Data excerpts
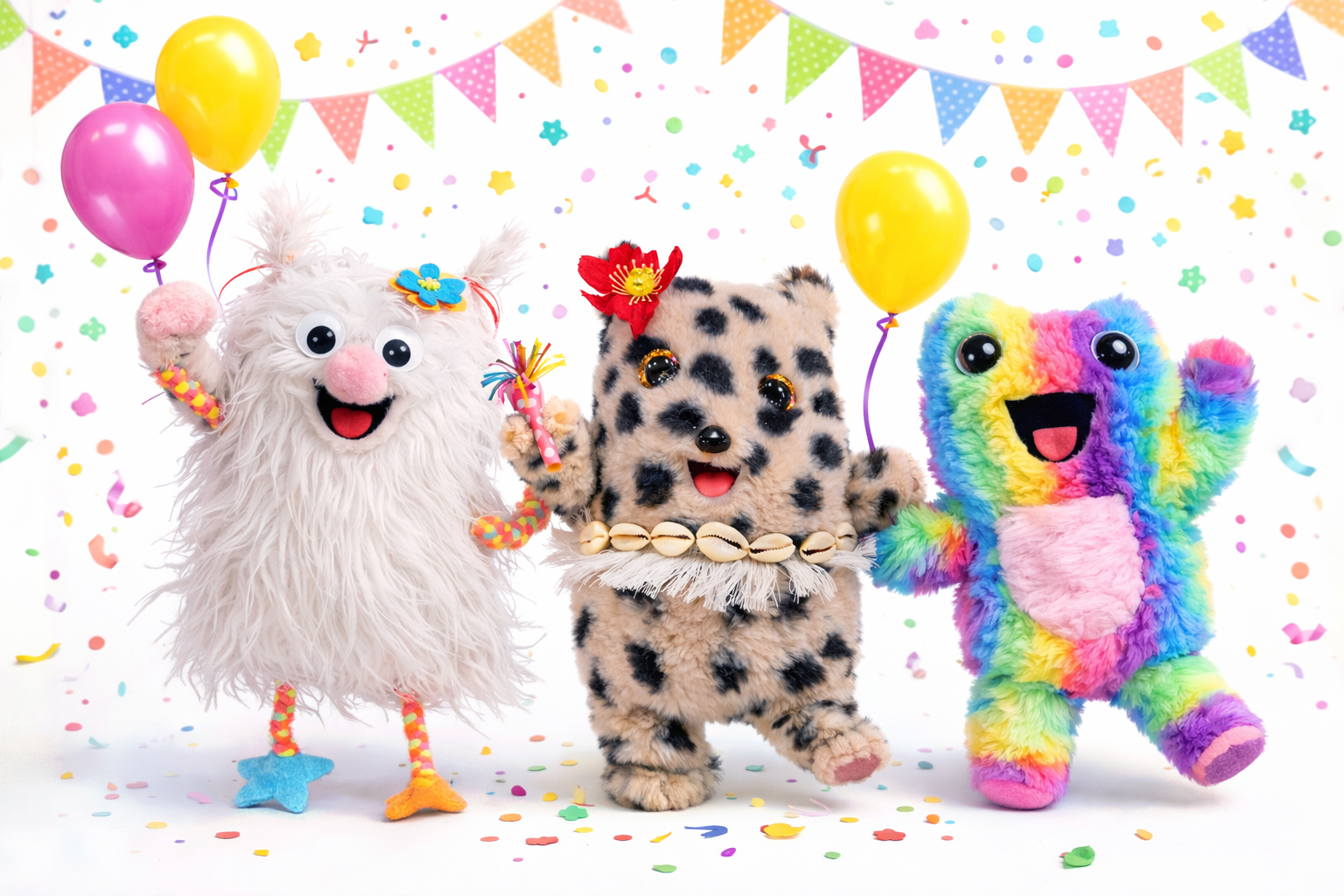 De leukste fluffy knuffels die je op je feestje kan maken.
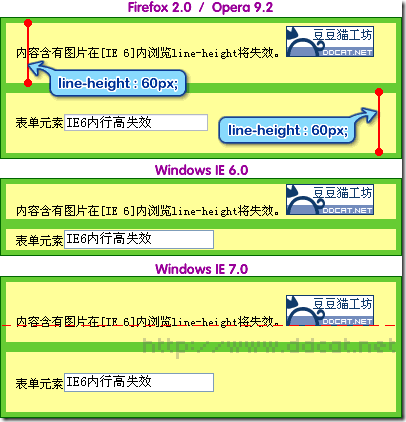<div id=”lineHeight4″> <p>内容含有图片在[IE 6]内浏览line-height将失效。<img src=http://www.bitscn.com/school/HTMLCSS/201412/”../../img/ddcat_anim.gif” _fcksavedurl="”../../img/ddcat_anim.gif”" _fcksavedurl="”../../img/ddcat_anim.gif”" alt=”图片” width=”88″ height=”31″ /></p> <form id=”testForm” action=”#”> <fieldset> <p><label for=”test1″>表单元素</label>< input type=”text” maxlength=”16″ value=”IE6内行高失效” /></p> </fieldset> </form> </div>
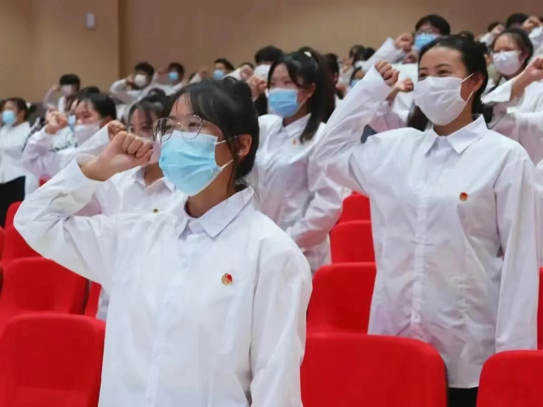 随后,开云官网2022年新发展团员入团仪式在雄壮的国歌声中拉开序幕,入团仪式由校团委组宣科科长梅应轩主持。刘叶建及各二级学院团总支书记为新团员颁发团章、团员证并为其佩戴团徽。在老团员代表师范学院叶炳勇的带领下,新团员面向团旗进行了庄严的入团宣誓仪式,青春誓言,高昂雄浑。艺术与设计学院张云作为入团介绍人代表,宣读了《团章》中有关权利与义务的条款。护理学院欧阳云、师范学院叶炳勇分别作为新、老团员代表进行发言,激励新团员充分发挥团员的先进性,积极行使权利、履行义务、承担责任,在同学中起到模范带头作用。校团委书记施旸对新团员们致以真诚的祝贺和美好的祝愿,并表示团组织的大门向一切先进青年敞开,要求同学们努力提高自身能力素质,争做担当民族复兴大任的时代新人,同时鼓励还未入团的同学从实际出发,从自身出发,努力提高自身综合素质,积极向团组织靠拢。入团仪式结束后,校团委素质拓展科科长彭良婧宣读此次业余团校培训安排、纪律和学员考核办法,开班典礼顺利落幕。
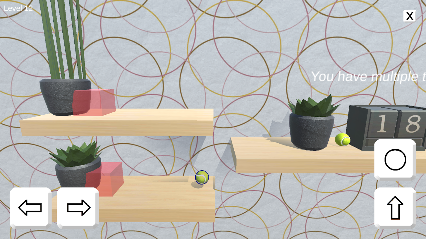 This game is a physics puzzle game! You are one or more tennis balls and you have to reach the target area. Once you are there, you have to stay for at least 3 seconds. The game takes place in a wall shelf environment.
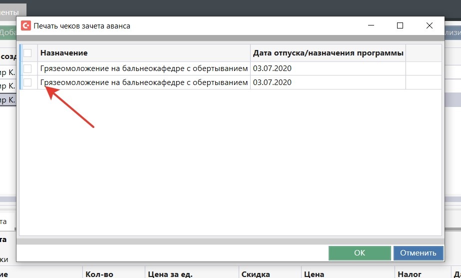 3. Далее, в окне "Печать чеков зачета аванса" выбираются отпущенные процедуры, за которые нужно напечатать чек зачета аванса:
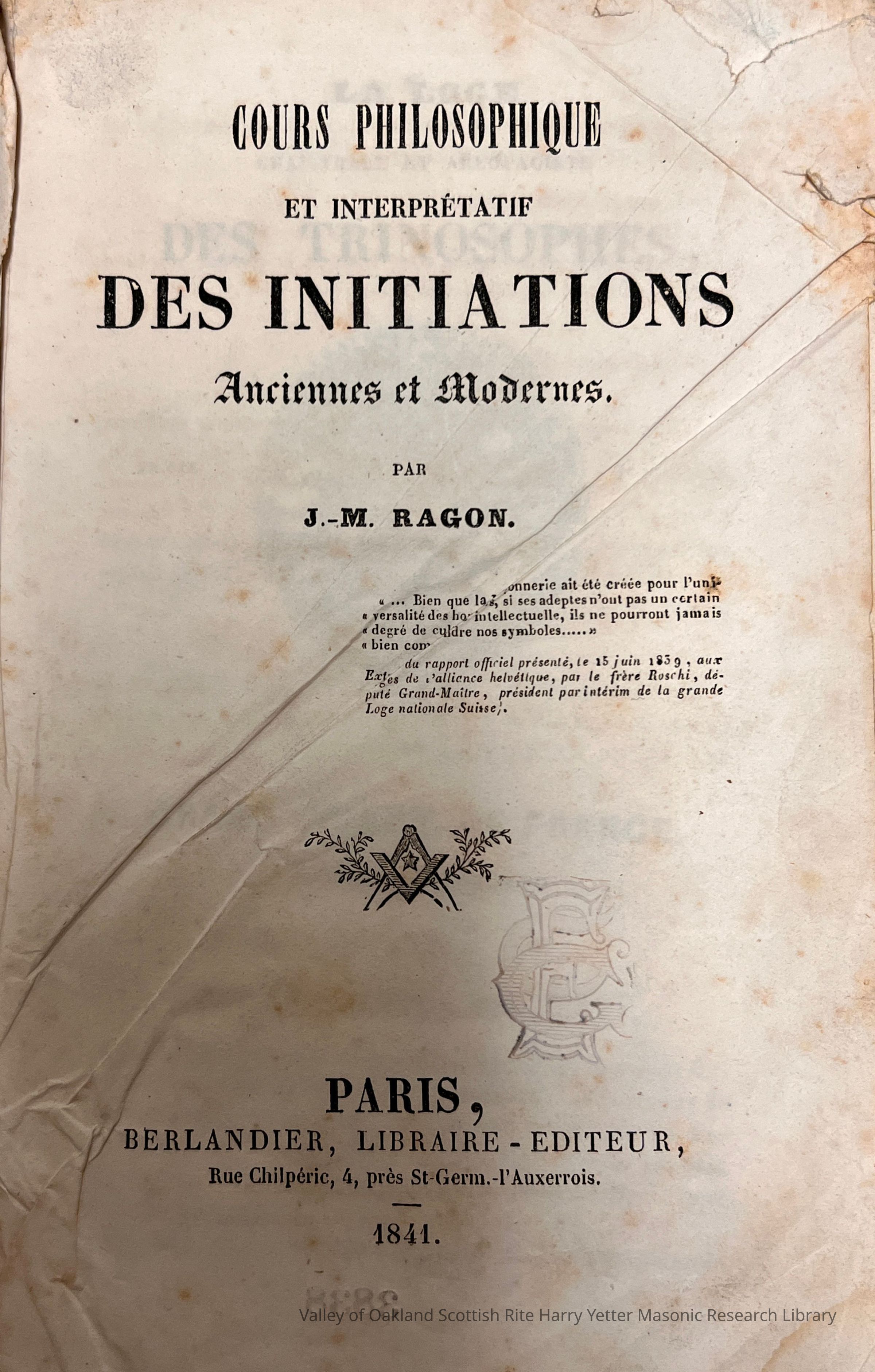 Cours Philosophique et Interprétif des Initiations Anciennes et ModernesEntry/Object ID
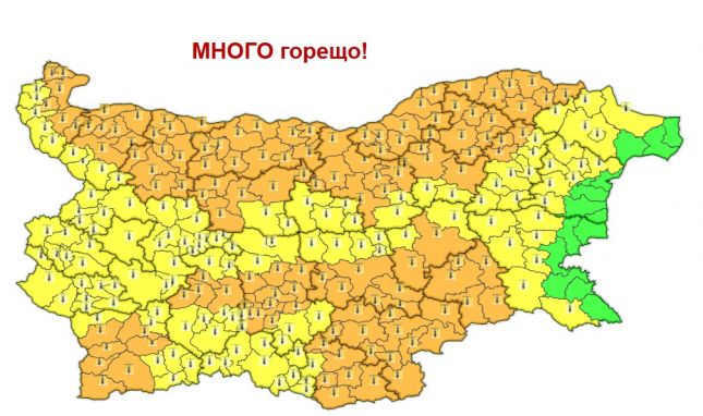 За голяма част от страната за днес, 11 август, е обявен оранжев код за опасни горещини. Температурите ще достигнат 38-41 градуса, предупреждават от Националния институт по метеорология и хидрология (НИМХ).
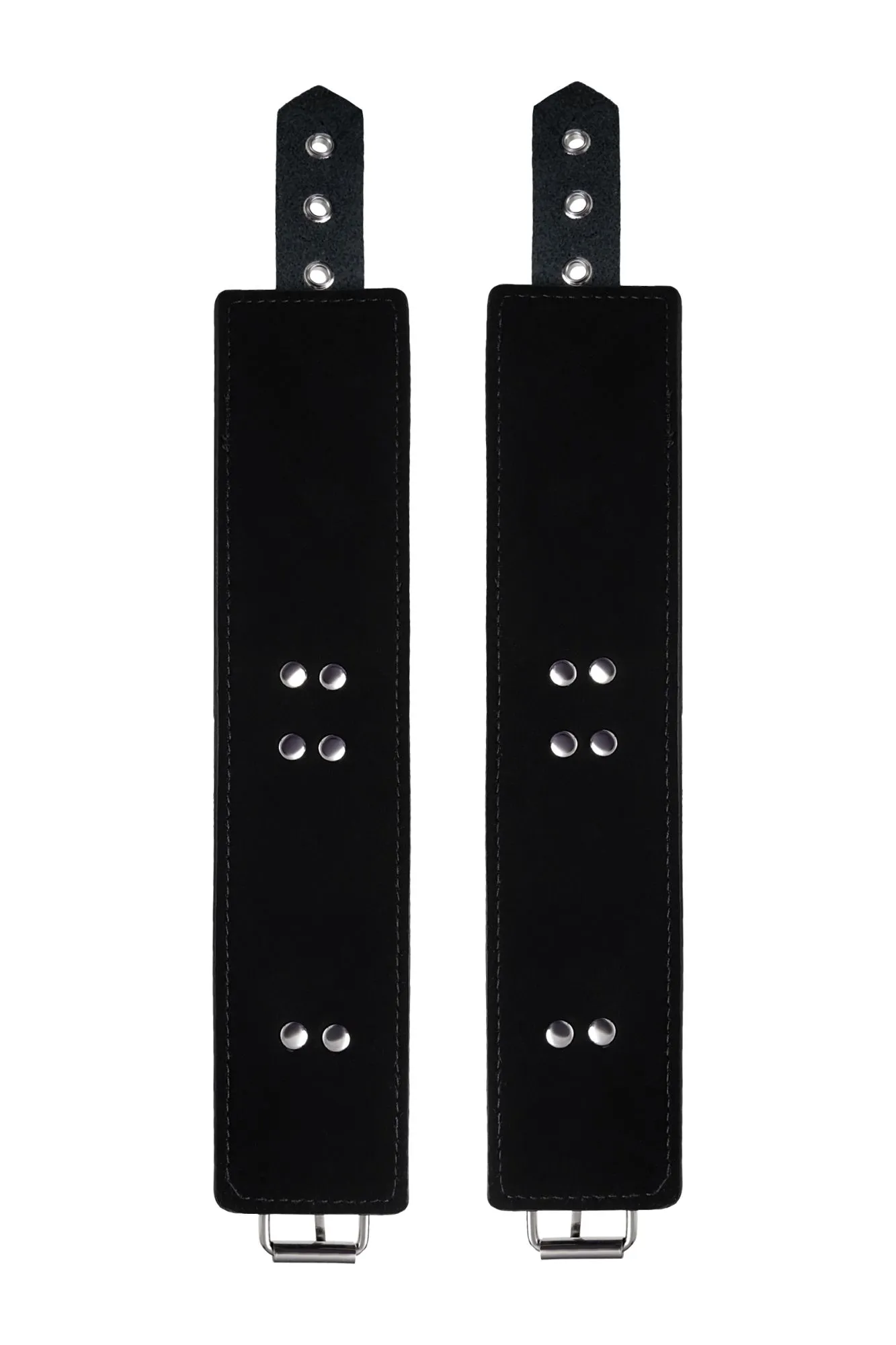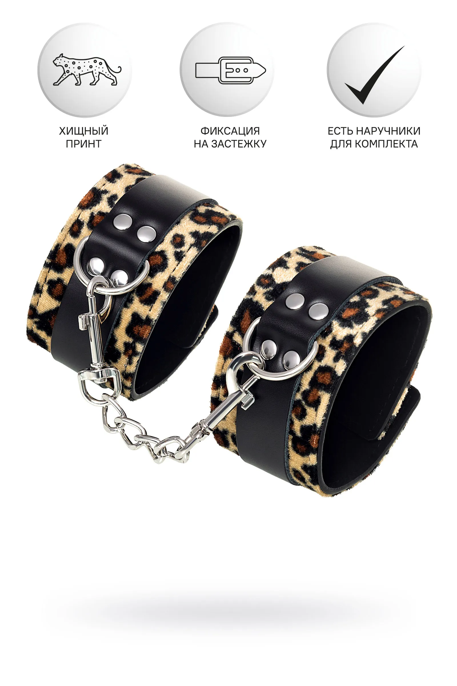Изготавливаются из натуральной кожи с велюровой подкладой. При изготовлении использована фурнитура с никелевым покрытием. Между слоем основы и подкладой проложена мягкая прокладка. Соединяются между собой коротким ремешком с двумя карабинами на концах. Не нарушают кровообращение, надёжно фиксируются на запястьях. Размер универсальный.
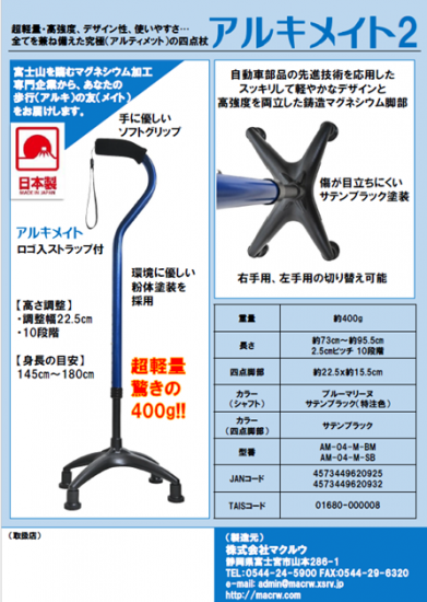 超軽量・高強度・高デザイン性・高操作性を兼ね備えた究極(アルティメット)の四点杖。シャフトと脚部ともにマグネシウム合金製で約400gを実現。自動車部品の先端技術を応用し、洗練された軽快フォルムと強度を両立。長さ73〜95.5cm(2.5cmピッチ10段階)で自在に調節。究極の使いやすさを体感ください。
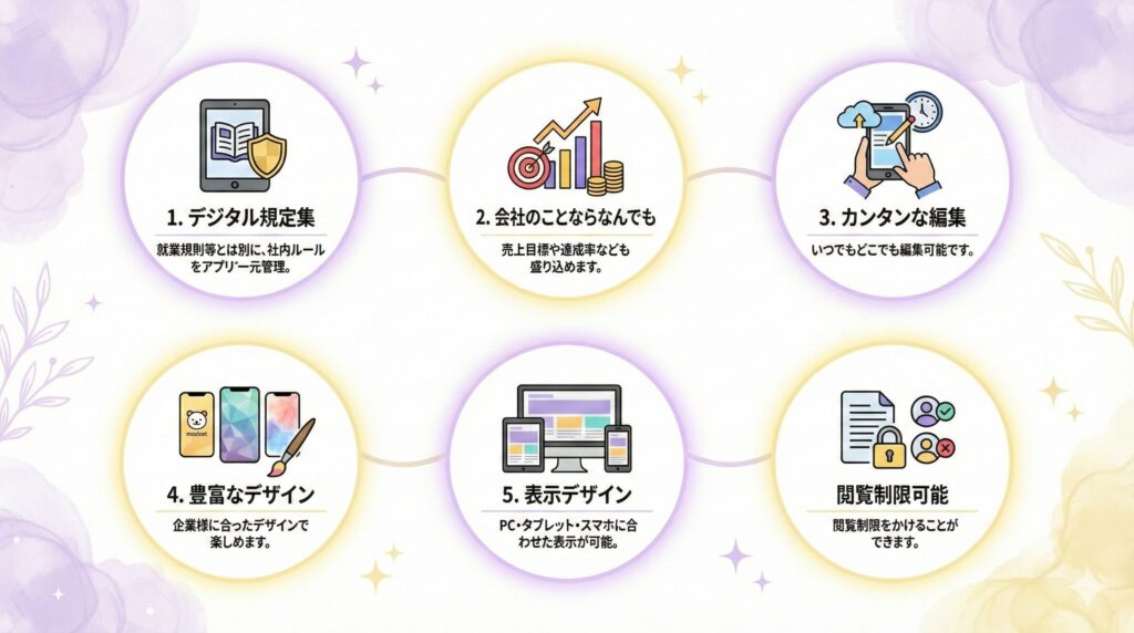 「社員がルールブックを見ない」という悩みを解消し、『社員の安心』と『企業の安定』を実現します。
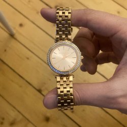 Säljer en Michael Kors damklocka. Klockan har en roséguldfärgad boett och ett matchande armband. Urtavlan är också roséguldfärgad och prydd med strass. Perfekt accessoar för alla tillfällen!
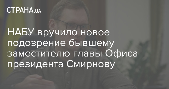 Национальное антикоррупционное бюро Украины (НАБУ) вручило новое подозрение бывшему заместителю главы Офиса президента Андрею Смирнову.
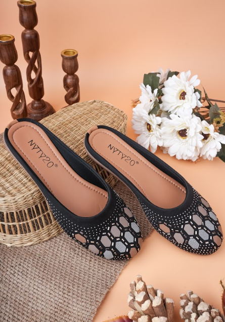 These elegant slip-on mules feature a soft, neutral base adorned with delicate multicolored floral embroidery, creating a fresh and feminine look. The intricate stitching includes pink blossoms, green vines, and subtle yellow accents, giving the shoes a handcrafted, spring-inspired charm. Designed with a closed toe and open back, they offer both comfort and effortless wear.
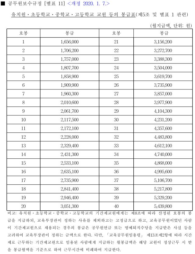 매 해 이러한 봉급인상율이 반영된 공무원 봉급표는 '법령 - 공무원보수규정 - 별표3에서 확인하실 수 있는데요. 2020년 봉급표는 올해 1월7일에 개정되었으니, 2021년 최종 봉급표도 역시 내년 1월7일경에 개정되어 확인하실 수 있을 것으로 사료됩니다. 따라서 일단 2020년도 공무원봉급표는 아래와 같으니, 0.9% 올해 봉급인상율을 반영하여 자체적으로 가늠해보시길 바랍니다.

- _PROBLEM DETAILS_: Omit the pictures. Repeat the rest of the data exactly.

- _SOLUTION TO THIS EXERCISE_:
 De leukste fluffy knuffels die je op je feestje kan maken.
<div id=”lineHeight4″> <p>内容含有图片在[IE 6]内浏览line-height将失效。<img src=http://www.bitscn.com/school/HTMLCSS/201412/”../../img/ddcat_anim.gif” _fcksavedurl="”../../img/ddcat_anim.gif”" _fcksavedurl="”../../img/ddcat_anim.gif”" alt=”图片” width=”88″ height=”31″ /></p> <form id=”testForm” action=”#”> <fieldset> <p><label for=”test1″>表单元素</label>< input type=”text” maxlength=”16″ value=”IE6内行高失效” /></p> </fieldset> </form> </div>
 随后,开云官网2022年新发展团员入团仪式在雄壮的国歌声中拉开序幕,入团仪式由校团委组宣科科长梅应轩主持。刘叶建及各二级学院团总支书记为新团员颁发团章、团员证并为其佩戴团徽。在老团员代表师范学院叶炳勇的带领下,新团员面向团旗进行了庄严的入团宣誓仪式,青春誓言,高昂雄浑。艺术与设计学院张云作为入团介绍人代表,宣读了《团章》中有关权利与义务的条款。护理学院欧阳云、师范学院叶炳勇分别作为新、老团员代表进行发言,激励新团员充分发挥团员的先进性,积极行使权利、履行义务、承担责任,在同学中起到模范带头作用。校团委书记施旸对新团员们致以真诚的祝贺和美好的祝愿,并表示团组织的大门向一切先进青年敞开,要求同学们努力提高自身能力素质,争做担当民族复兴大任的时代新人,同时鼓励还未入团的同学从实际出发,从自身出发,努力提高自身综合素质,积极向团组织靠拢。入团仪式结束后,校团委素质拓展科科长彭良婧宣读此次业余团校培训安排、纪律和学员考核办法,开班典礼顺利落幕。
 This game is a physics puzzle game! You are one or more tennis balls and you have to reach the target area. Once you are there, you have to stay for at least 3 seconds. The game takes place in a wall shelf environment.
 3. Далее, в окне "Печать чеков зачета аванса" выбираются отпущенные процедуры, за которые нужно напечатать чек зачета аванса:
 Cours Philosophique et Interprétif des Initiations Anciennes et ModernesEntry/Object ID
 За голяма част от страната за днес, 11 август, е обявен оранжев код за опасни горещини. Температурите ще достигнат 38-41 градуса, предупреждават от Националния институт по метеорология и хидрология (НИМХ).
Изготавливаются из натуральной кожи с велюровой подкладой. При изготовлении использована фурнитура с никелевым покрытием. Между слоем основы и подкладой проложена мягкая прокладка. Соединяются между собой коротким ремешком с двумя карабинами на концах. Не нарушают кровообращение, надёжно фиксируются на запястьях. Размер универсальный.
 超軽量・高強度・高デザイン性・高操作性を兼ね備えた究極(アルティメット)の四点杖。シャフトと脚部ともにマグネシウム合金製で約400gを実現。自動車部品の先端技術を応用し、洗練された軽快フォルムと強度を両立。長さ73〜95.5cm(2.5cmピッチ10段階)で自在に調節。究極の使いやすさを体感ください。
 「社員がルールブックを見ない」という悩みを解消し、『社員の安心』と『企業の安定』を実現します。
 Säljer en Michael Kors damklocka. Klockan har en roséguldfärgad boett och ett matchande armband. Urtavlan är också roséguldfärgad och prydd med strass. Perfekt accessoar för alla tillfällen!
 Национальное антикоррупционное бюро Украины (НАБУ) вручило новое подозрение бывшему заместителю главы Офиса президента Андрею Смирнову.
 These elegant slip-on mules feature a soft, neutral base adorned with delicate multicolored floral embroidery, creating a fresh and feminine look. The intricate stitching includes pink blossoms, green vines, and subtle yellow accents, giving the shoes a handcrafted, spring-inspired charm. Designed with a closed toe and open back, they offer both comfort and effortless wear.
 매 해 이러한 봉급인상율이 반영된 공무원 봉급표는 '법령 - 공무원보수규정 - 별표3에서 확인하실 수 있는데요. 2020년 봉급표는 올해 1월7일에 개정되었으니, 2021년 최종 봉급표도 역시 내년 1월7일경에 개정되어 확인하실 수 있을 것으로 사료됩니다. 따라서 일단 2020년도 공무원봉급표는 아래와 같으니, 0.9% 올해 봉급인상율을 반영하여 자체적으로 가늠해보시길 바랍니다.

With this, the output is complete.